BOTHELL — Three years ago Jannelle Loewen and her neighbors made a public stand when the University of Washington Bothell sought to build a six-story dormitory on a patch of the campus abutting their back yards.
And the university retreated.
This year, they may not be as successful in stopping construction of a rectangular five-level parking garage on the same west-campus site behind homes on two cul-de-sacs.
The city has begun processing a permit. If all goes as planned, construction could begin this summer on the $30 million structure and be completed in a year.
Loewen is angry, frustrated and working to stir up enough last-minute scrutiny to motivate leaders of the UW and Cascadia College to rethink, if not redo, the proposal.
“It will be a huge blot on the side of the hill,” she said. “They want to do it on raw ground right next to our neighborhood when they could just build up an existing garage.”
But a top UW official said the colleges are proceeding and hope the city will give them the go-ahead in the next few weeks.
“We want to be good neighbors. We want it to be a good public project,” said Kelly Snyder, assistant vice chancellor for government and community relations. “There are approved zoning and city code regulations in place and we are following them to the T.”
There is deeply rooted tension between those residing on 182nd and 183rd courts — the cul-de-sacs — and those making development decisions on the campus shared by the UW and Cascadia College.
When the dormitory idea came up, university leaders got an earful. They withdrew the proposal, regrouped and decided to write a master plan to guide development. It would serve as a road map for how the colleges would meet the demands of growing enrollment, laying out where new academic buildings, dormitories, and parking structures could be constructed in the coming years.
College officials held 17 public meetings, Snyder said. The final product divided the campus into areas. For each area there are potential projects and prescribed development restrictions the City Council approved in late 2017. The UW Board of Regents and Cascadia College Board of Trustees put their stamps of approval on it in early 2018.
The proposed garage is in Development Area C. Today it is a maintenance yard where trucks are parked and materials stored.
As designed, the garage would have 600 stalls over five floors with one of those floors below ground level. It will be 37 feet tall with a 50-foot setback from the nearest residential property, Snyder said. Steps will be taken to reduce the effects of noise and lights and bolster an existing visual buffer, she said.
Loewen has had a front-row seat to the birth and maturation of the Bothell campus, which was founded in 1989.

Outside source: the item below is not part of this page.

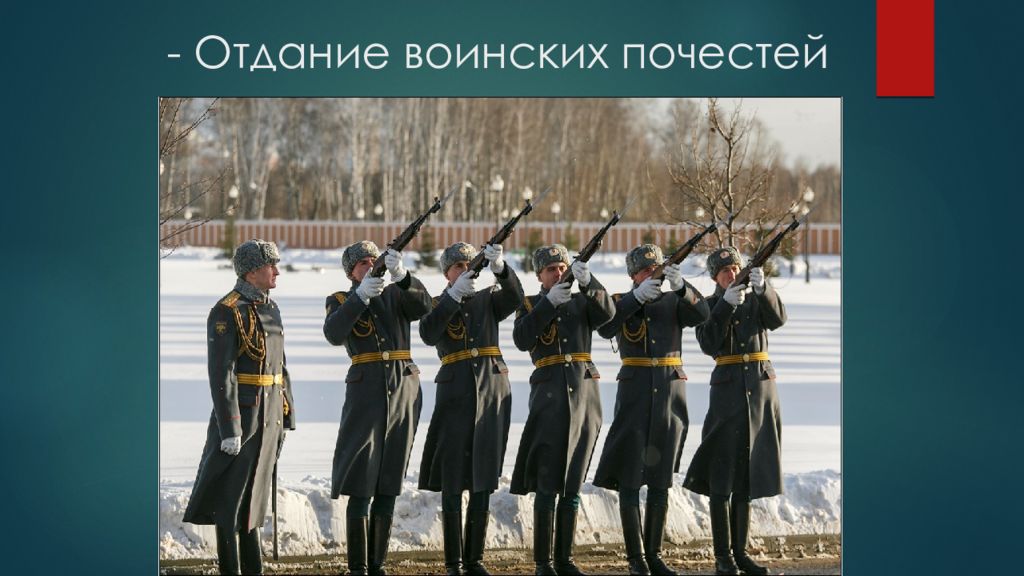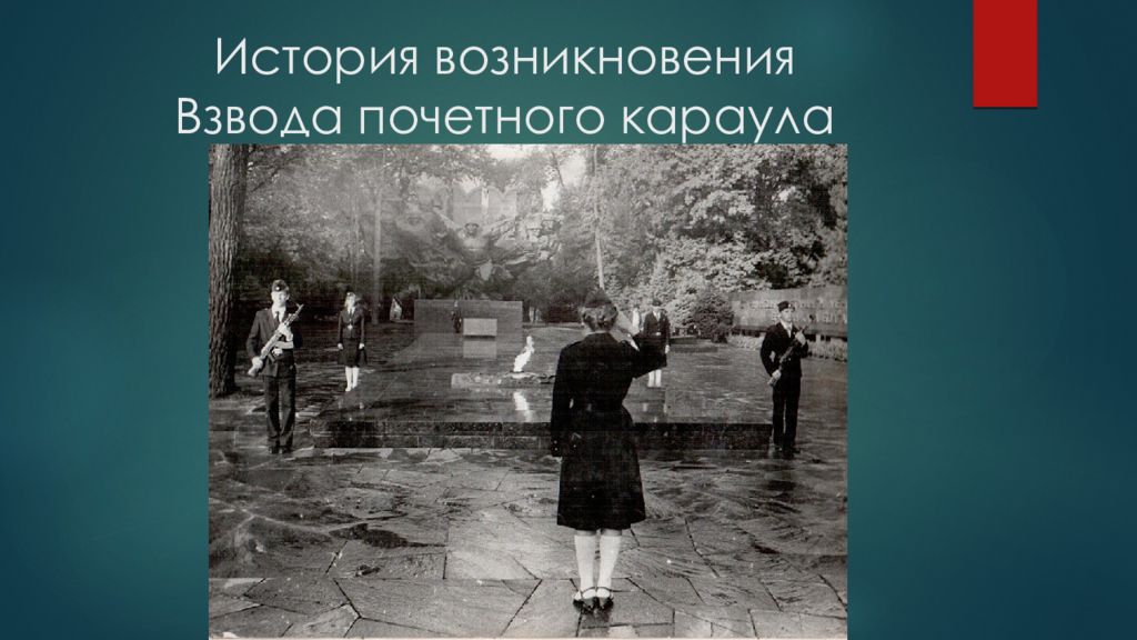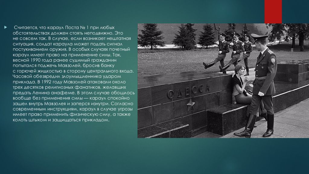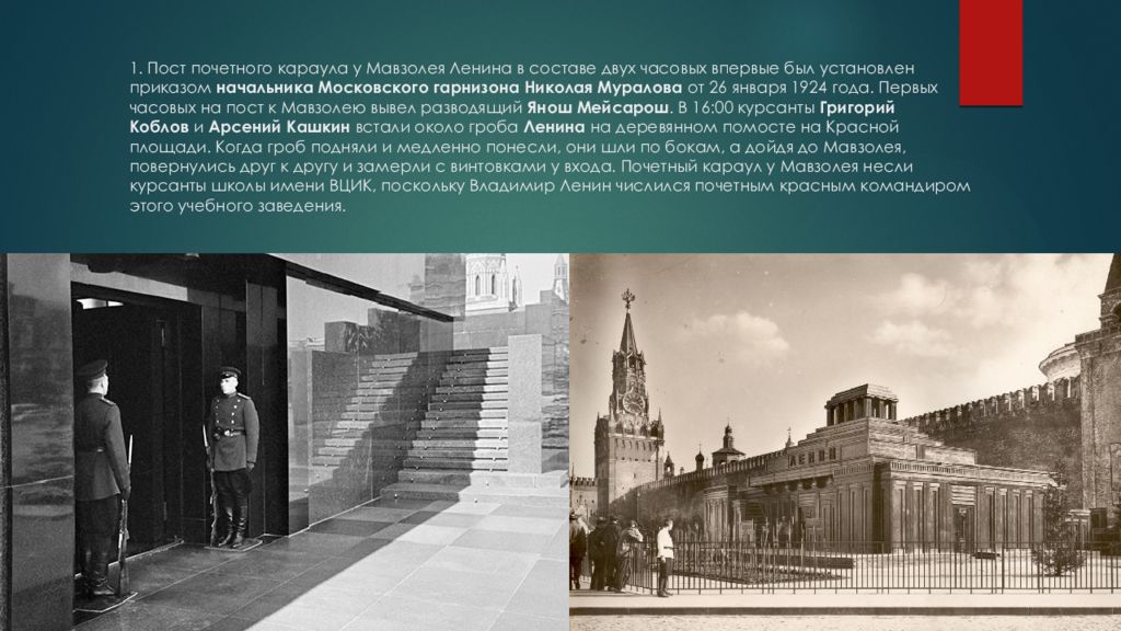 Слайд 14: 1. Пост почетного караула у Мавзолея Ленина в составе двух часовых впервые был установлен приказом начальника Московского гарнизона Николая Муралова от 26 января 1924 года. Первых часовых на пост к Мавзолею вывел разводящий Янош Мейсарош. В 16:00 курсанты Григорий Коблов и Арсений Кашкин встали около гроба Ленина на деревянном помосте на Красной площади. Когда гроб подняли и медленно понесли, они шли по бокам, а дойдя до Мавзолея, повернулись друг к другу и замерли с винтовками у входа. Почетный караул у Мавзолея несли курсанты школы имени ВЦИК, поскольку Владимир Ленин числился почетным красным командиром этого учебного заведения
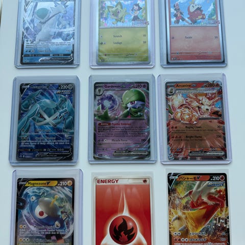 Kortit vedetty suoraan Scarlet & Violet Base Set Booster boxista sliiveihin 4.3 ja nopat Phantasmal Flames ETB:stä

She said she and her husband designed and built their home on 183rd Court and moved in 30 years ago. They have two children who are both graduates of UW Seattle, and she earned a degree from UW Bothell.
Over the years, she’s sat through plenty of meetings and read plenty of documents as the university and college took root. In writing and in person, she said, officials pledged to keep a solid greenbelt between the homes and future campus buildings.
When the master plan process got underway, she attended those sessions too. She and her neighbors pushed for more trees and less concrete and university officials said they would work to minimize the impacts.
“It felt like they were listening to us,” Loewen said.
Then she saw the layout for the garage. “Nothing we said made any difference,” she said.
Neighbors still have opportunities to voice their concerns.
As part of the city’s permit review process, owners of properties within 500 feet of the site received a notice of the application’s filing and a 21-day period in which to respond with any comments.
City staff will make the final decision. Once they do, property owners will get a copy. It will contain any conditions placed on the project as well as procedures and timing for an appeal, according to Community Development Director Michael Kattermann.
In the meantime, in March, officials of the university and college plan another public meeting to discuss the status of the project, Snyder said.
Jeanne Zornes lives in the neighborhood and got the city’s notice of the permit application. She was one of those working to derail the dorm project in 2016. Now, a city councilwoman, she knows the fate of the project is in the hands of the University of Washington Bothell and Cascadia College.
“They would have to push the pause button,” she said. “If they care about not breaking trust with the community, they might do that. That might be prudent.”